*Instructions for the task:*
Write out the data again exactly, skipping every picture.

*Data shown:*
◇ ◇ ◇ ◇ ◇
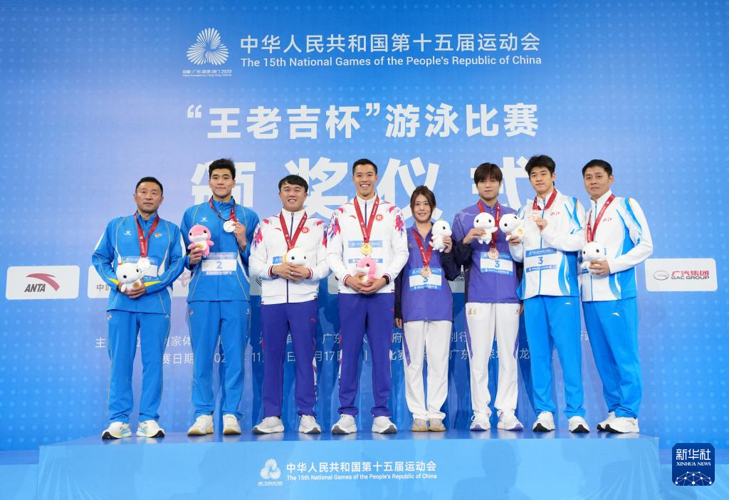 11月16日,获得冠军的香港队选手何甄陶(左四),获得亚军的辽宁队选手陈昊(左二),并列季军福建队选手刘吴狄(右三)、浙江队选手潘展乐(右二)在颁奖仪式上与教练合影。
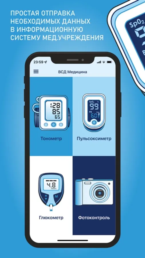 Приложение ВСД.Медицина существенно упрощает взаимодействие пациента с его лечащим врачом, позволяя передавать результаты измерений основных жизненных показателей (давление, пульс, сатурацию, уровень сахара в крови, данные фото наблюдений и т.д.) с измерительных приборов через смартфон пациента непосредственно в информационную систему соответствующего медицинского учреждения.
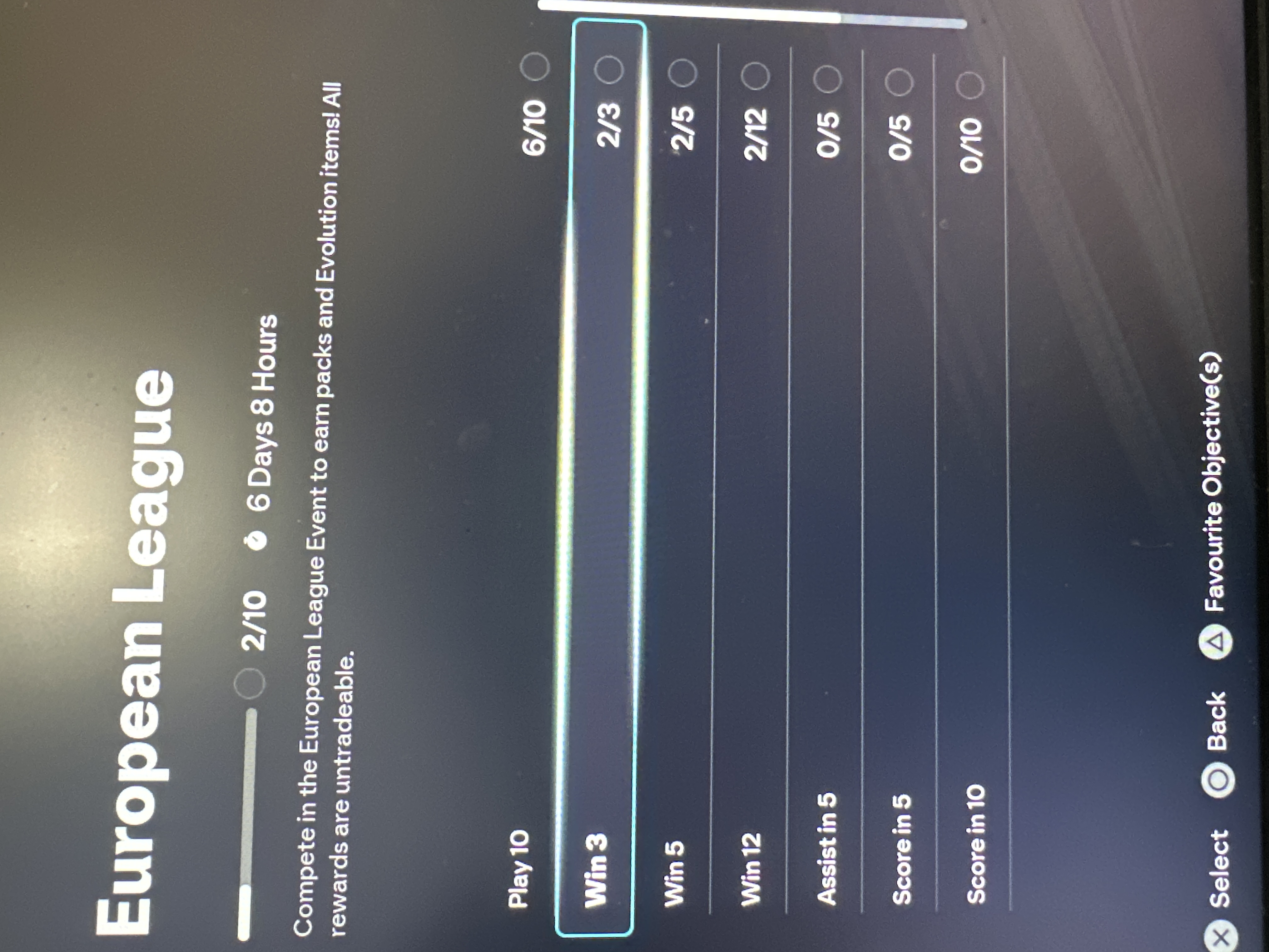 Hello I was completing the objectives for EUROPEAN LEAGUE AND 3 objectives are not being tracked for that game mode, Assist in 5, Score in 5, score in 10. The Objectives were done with a partner inTHE EVENT EUROPEAN LEAGUE. I’ve only played 6 games as well and it showing I have 12 attempts remaining when I should have 14 if you could please fix these bugs I would appreciate it.
◇ ◇ ◇ ◇ ◇
*Answer to this problem:*
 11月16日,获得冠军的香港队选手何甄陶(左四),获得亚军的辽宁队选手陈昊(左二),并列季军福建队选手刘吴狄(右三)、浙江队选手潘展乐(右二)在颁奖仪式上与教练合影。
 Приложение ВСД.Медицина существенно упрощает взаимодействие пациента с его лечащим врачом, позволяя передавать результаты измерений основных жизненных показателей (давление, пульс, сатурацию, уровень сахара в крови, данные фото наблюдений и т.д.) с измерительных приборов через смартфон пациента непосредственно в информационную систему соответствующего медицинского учреждения.
 Hello I was completing the objectives for EUROPEAN LEAGUE AND 3 objectives are not being tracked for that game mode, Assist in 5, Score in 5, score in 10. The Objectives were done with a partner inTHE EVENT EUROPEAN LEAGUE. I’ve only played 6 games as well and it showing I have 12 attempts remaining when I should have 14 if you could please fix these bugs I would appreciate it.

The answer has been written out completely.